Depending on your Jupyter environment, you may have to manually authenticate. Follow the relevant instructions below.

**1. Vertex AI Workbench**
* Do nothing as you are already authenticated.

**2. Local JupyterLab instance, uncomment and run:**

In [None]:
# ! gcloud auth login

**3. Colab, uncomment and run:**

In [None]:
# from google.colab import auth
# auth.authenticate_user()

**4. Service account or other**
* See how to grant Cloud Storage permissions to your service account at https://cloud.google.com/storage/docs/gsutil/commands/iam#ch-examples.

### Create a Cloud Storage bucket

Create a storage bucket to store intermediate artifacts such as datasets.

In [None]:
BUCKET_URI = f"gs://your-bucket-name-{PROJECT_ID}-unique"  # @param {type:"string"}

**Only if your bucket doesn't already exist**: Run the following cell to create your Cloud Storage bucket.

In [None]:
! gsutil mb -l $REGION $BUCKET_URI

### Set up variables

Next, set up some variables used throughout the tutorial.
### Import libraries and define constants

In [None]:
import os

import google.cloud.aiplatform as aiplatform
import google.cloud.aiplatform_v1beta1 as aip_beta
import tensorflow as tf
import tensorflow_hub as hub

### Initialize Vertex AI SDK for Python

Initialize the Vertex AI SDK for Python for your project and corresponding bucket.

In [None]:
aiplatform.init(project=PROJECT_ID, staging_bucket=BUCKET_URI)

#### Vertex AI constants

Setup up the following constants for Vertex AI:

- `API_ENDPOINT`: The Vertex AI API service endpoint for `Endpoint` services.

In [None]:
# API service endpoint
API_ENDPOINT = "{}-aiplatform.googleapis.com".format(REGION)

# Vertex location root path for your dataset, model and endpoint resources
PARENT = "projects/" + PROJECT_ID + "/locations/" + REGION

## Set up clients

The Vertex  works as a client/server model. On your side (the Python script) you will create a client that sends requests and receives responses from the Vertex AI server.

You will use different clients in this tutorial for different steps in the workflow. So set them all up upfront.

- Endpoint Service for creating endpoints, and deploying models to endpoints.

In [None]:
# client options same for all services
client_options = {"api_endpoint": API_ENDPOINT}


def create_endpoint_client():
    client = aip_beta.EndpointServiceClient(client_options=client_options)
    return client


clients = {}
clients["endpoint"] = create_endpoint_client()

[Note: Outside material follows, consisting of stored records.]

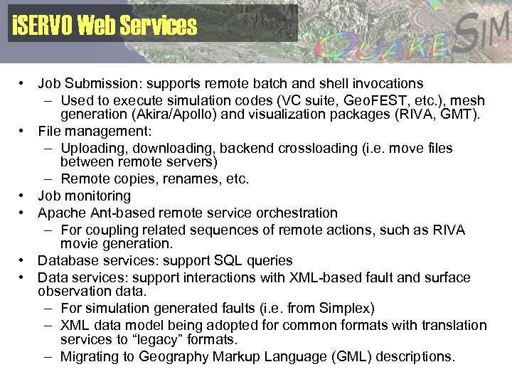 i. SERVO Web Services • Job Submission: supports remote batch and shell invocations – Used to execute simulation codes (VC suite, Geo. FEST, etc. ), mesh generation (Akira/Apollo) and visualization packages (RIVA, GMT). • File management: – Uploading, downloading, backend crossloading (i. e. move files between remote servers) – Remote copies, renames, etc. • Job monitoring • Apache Ant-based remote service orchestration – For coupling related sequences of remote actions, such as RIVA movie generation. • Database services: support SQL queries • Data services: support interactions with XML-based fault and surface observation data. – For simulation generated faults (i. e. from Simplex) – XML data model being adopted for common formats with translation services to “legacy” formats. – Migrating to Geography Markup Language (GML) descriptions.
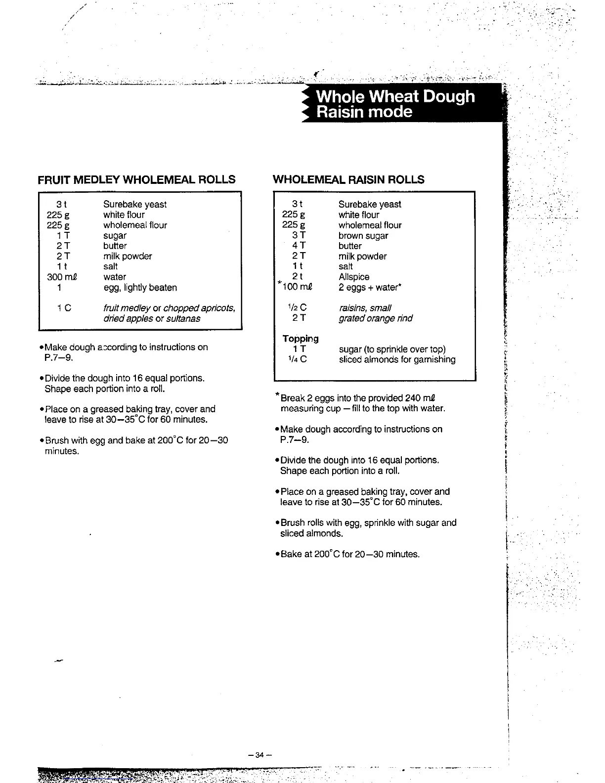 Panasonic Bread Bakery SD-200 - Whole Wheat Dough Raisin mode; Fruit Medley;Wholemeal Raisin Rolls Recipes
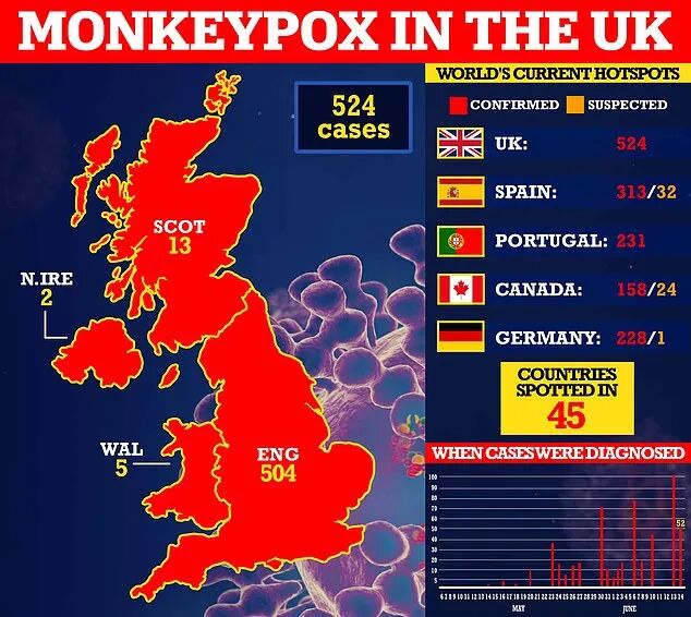 英国卫生安全局(UKHSA)截止6月16日(周四)的数据显示,英国新增52例猴痘感染确诊病例,使得英国确诊总数达到524例。其中,英格兰504例,苏格兰13例,威尔士5例,北爱尔兰2例。
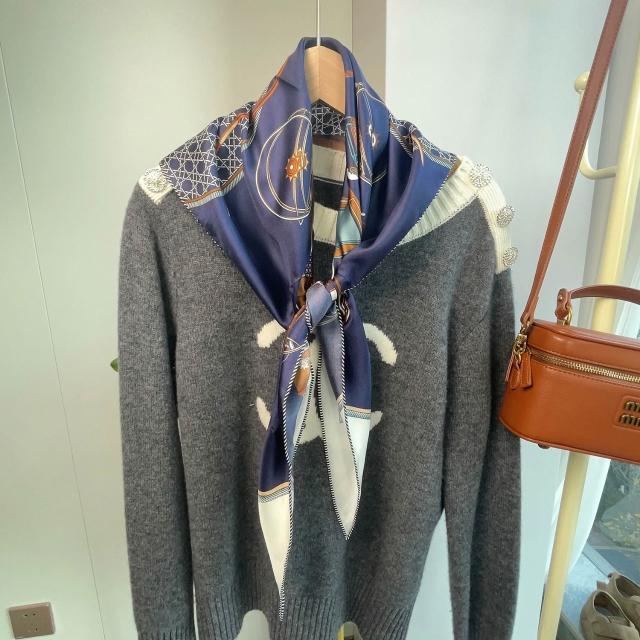 星禾 絲巾 春款真絲斜紋綢三角巾桑蠶絲絲巾直播服裝配飾腰果花包頭圍巾百搭
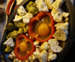 "Blokada naczynia miksującego" wlewamy wodę, sypiemy sól ( 1 łyżka lub jak to woli) wkładamy koszyczek, nastepnie ziemniaki, zamykamy pokrywę, na dolnej Varomie wkładamy przygotowanego kurczaka (razem w folii), nakładamy górną Varoma wycinamy na dno owal z papieru do pieczenia, na to kładziemy kółka z papryki wbijamy w nie po jednym jajku i dookoła rozkładamy warzywa, wszystko solimy, pieprzymi, na jajka szczypiorek kładziemy, zakładamy pokrywkę, ustawiamy 35 min/Varoma/stufa 1Gotowe danie można do smaku posypać koperkiem
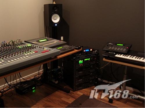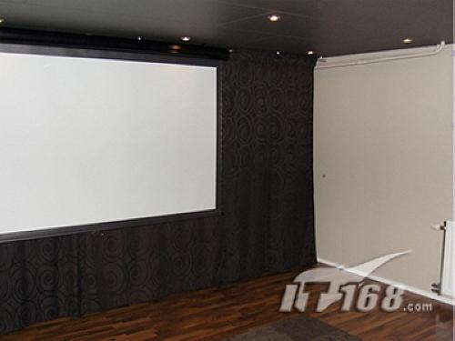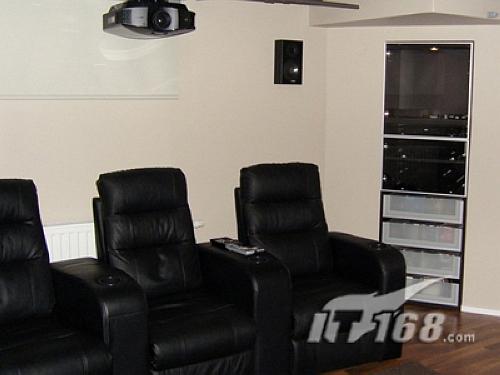 其次,追求空間上的干凈簡約。一般來說,影院室里的東西多比東西少好,這些東西會對聲波產(chǎn)生自然的吸收與反射作用,達到自然調(diào)節(jié)室內(nèi)殘響的作用。例如柜子、沙發(fā)、書架、CD架等都具有這種功能。而表面多纖維、多孔軟質(zhì)的東西則對高頻具有吸收作用,例如絨布沙發(fā)的表面,地毯厚絨布等等。然而,在森哥的影院室里,我們除了看見三張皮質(zhì)皇帝椅之外,很難發(fā)現(xiàn)有其它的雜物,整個空間都非?諘绾透蓛簟I缃忉,這除了自己不喜歡過于雜亂的空間之外,主要還是方便樂隊的日常排練。而且,干凈的空間使注意力更加能完全投入電影情節(jié)中。的確,筆者曾在在皇帝位看大片,覺得畫面大小相當適中,臨場感卻十足,但絲毫沒有感到壓迫感。值得一提的是,這個影院室的投影幕尺寸為210x118的碩大屏幕,這也是森哥為了實現(xiàn)當年許下的“要在超大屏幕上欣賞搖滾音樂”的愿望。
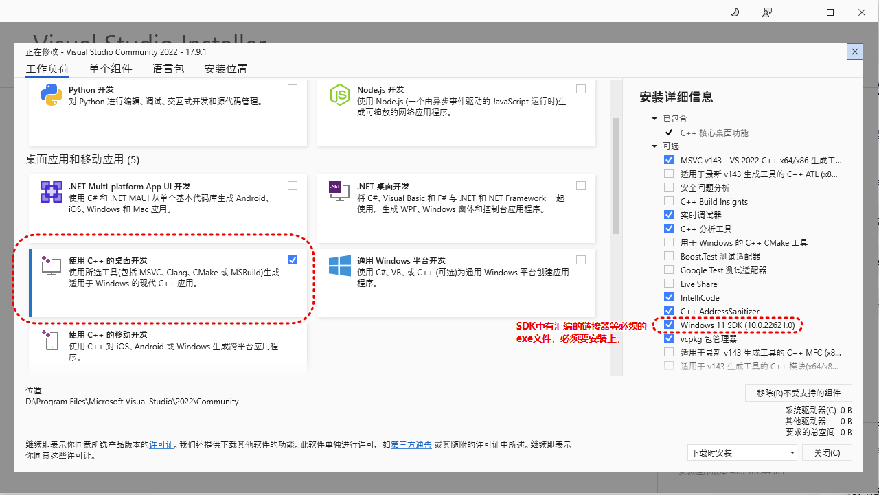 下载Visual Studio 2022 ,安装Visual C++桌面开发这个模块,一步一步安装下来就可以了。如下所示:
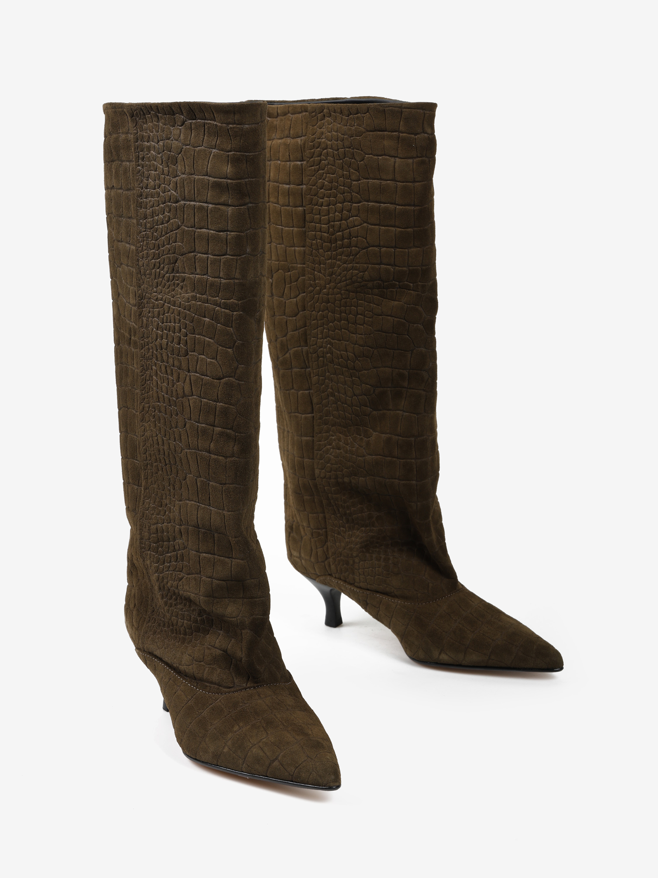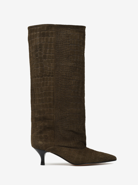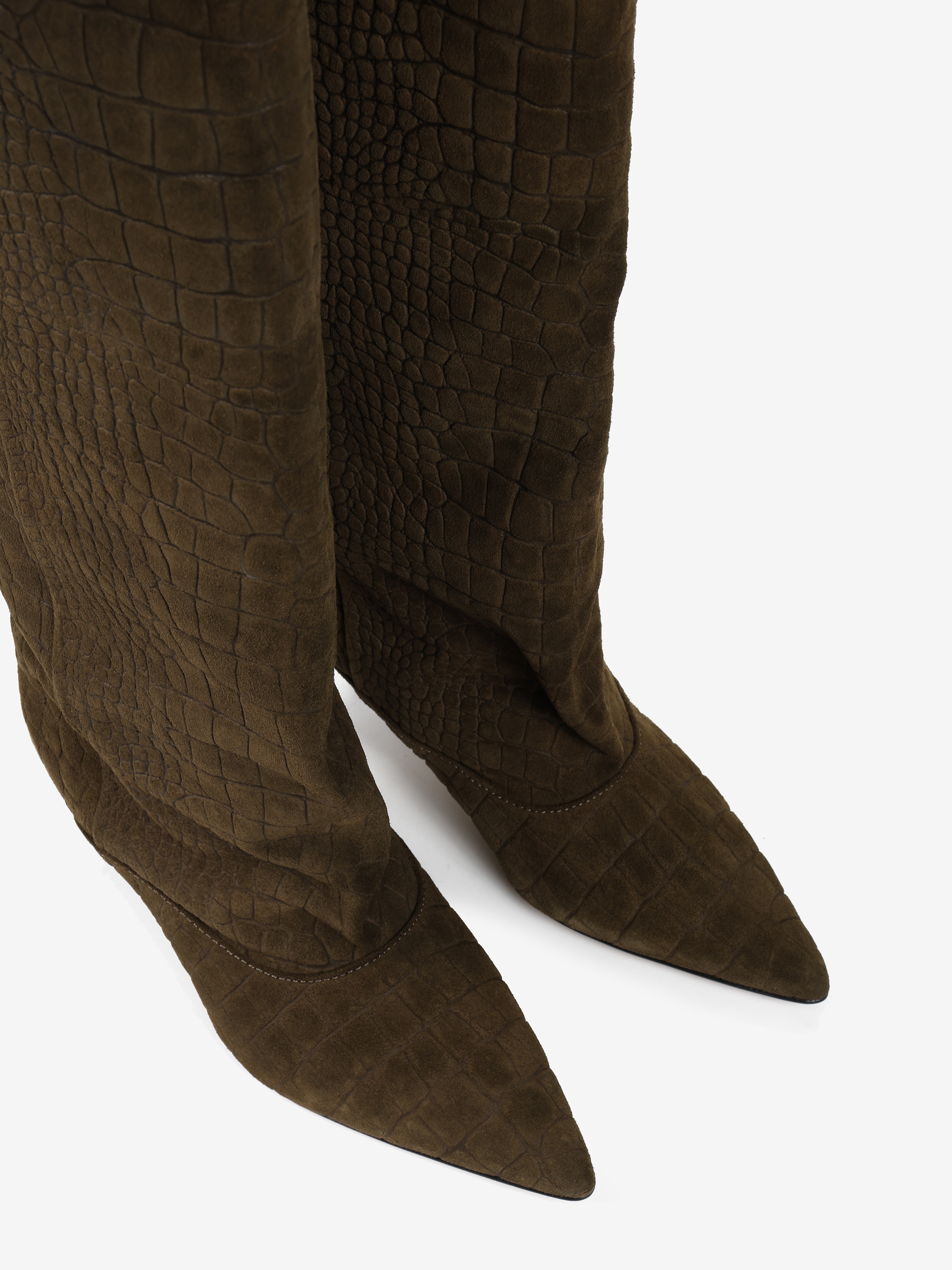 Kozaki na szpilce wykonane z zamszu tłoczonego w krokodyli wzór. Szeroka cholewka i noski w szpic.
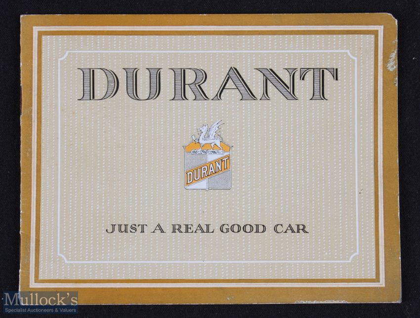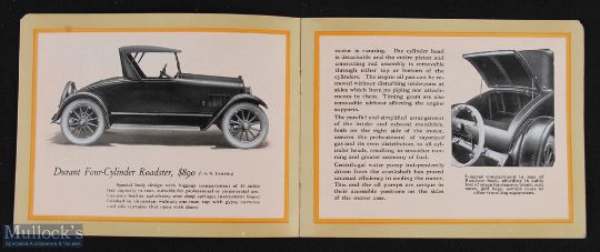 Automotive - Durant 1922 an interesting 16 page sales catalogue with illustrations of 4 models and types of cars they manufacture with details and specifications. Printed on fine semi-gloss paper in pictorial card cover, size 6" x 4 3/4". (Probably their first catalogue as company established only the previous year)
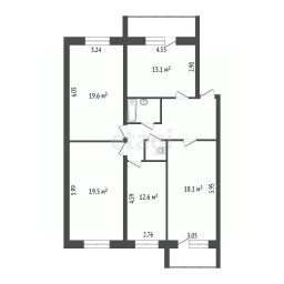 Квартира площадью 106м : кухня-гостиная 30, спальня 19; детская 19; кабинет 13; просторная прихожая, раздельный сан узел, лоджия.
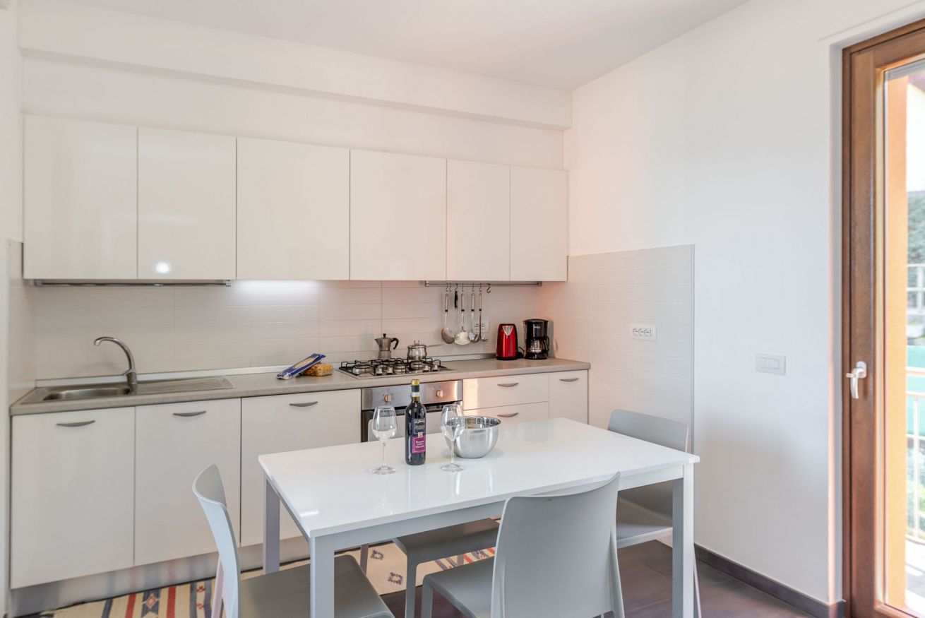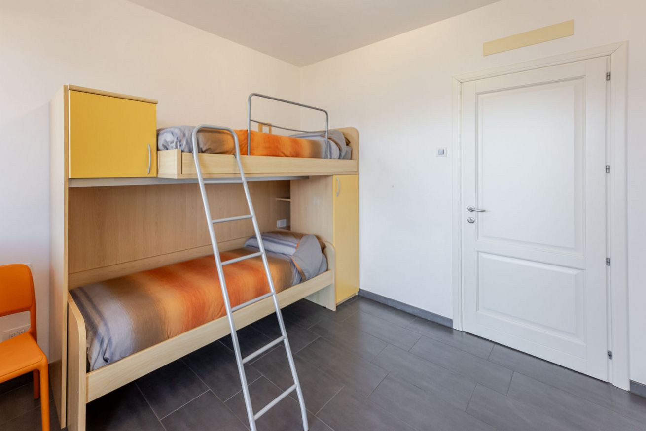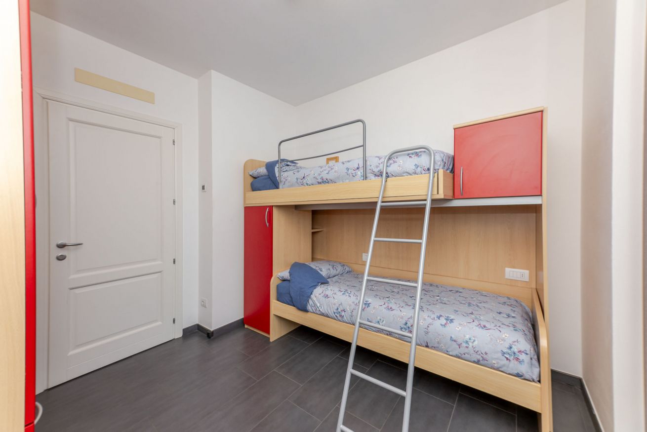 L'appartamento, dotato di zanzariere su tutte le finestre e porte finestre, si compone di una spaziosa camera matrimoniale, due camere con letti a castello, un ampio soggiorno, una cucina completamente attrezzata, e due bagni con doccia.

for client in clients.items():
    print(client)

#### Set hardware accelerators

You can set hardware accelerators for training and prediction.

Set the variables `DEPLOY_GPU/DEPLOY_NGPU` to use a container image supporting a GPU and the number of GPUs allocated to the virtual machine (VM) instance. For example, to use a GPU container image with 4 Nvidia Telsa K80 GPUs allocated to each VM, you would specify:

    (aip.AcceleratorType.NVIDIA_TESLA_K80, 4)


Otherwise specify `(None, None)` to use a container image to run on a CPU.

Learn more about [hardware accelerator support for your region](https://cloud.google.com/vertex-ai/docs/general/locations#accelerators).

*Note*: TF releases before 2.3 for GPU support will fail to load the custom model in this tutorial. It is a known issue and fixed in TF 2.3. This is caused by static graph ops that are generated in the serving function. If you encounter this issue on your own custom models, use a container image for TF 2.3 with GPU support.

In [None]:
if os.getenv("IS_TESTING_DEPLOY_GPU"):
    DEPLOY_GPU, DEPLOY_NGPU = (
        aiplatform.gapic.AcceleratorType.NVIDIA_TESLA_K80,
        int(os.getenv("IS_TESTING_DEPLOY_GPU")),
    )
else:
    DEPLOY_GPU, DEPLOY_NGPU = (None, None)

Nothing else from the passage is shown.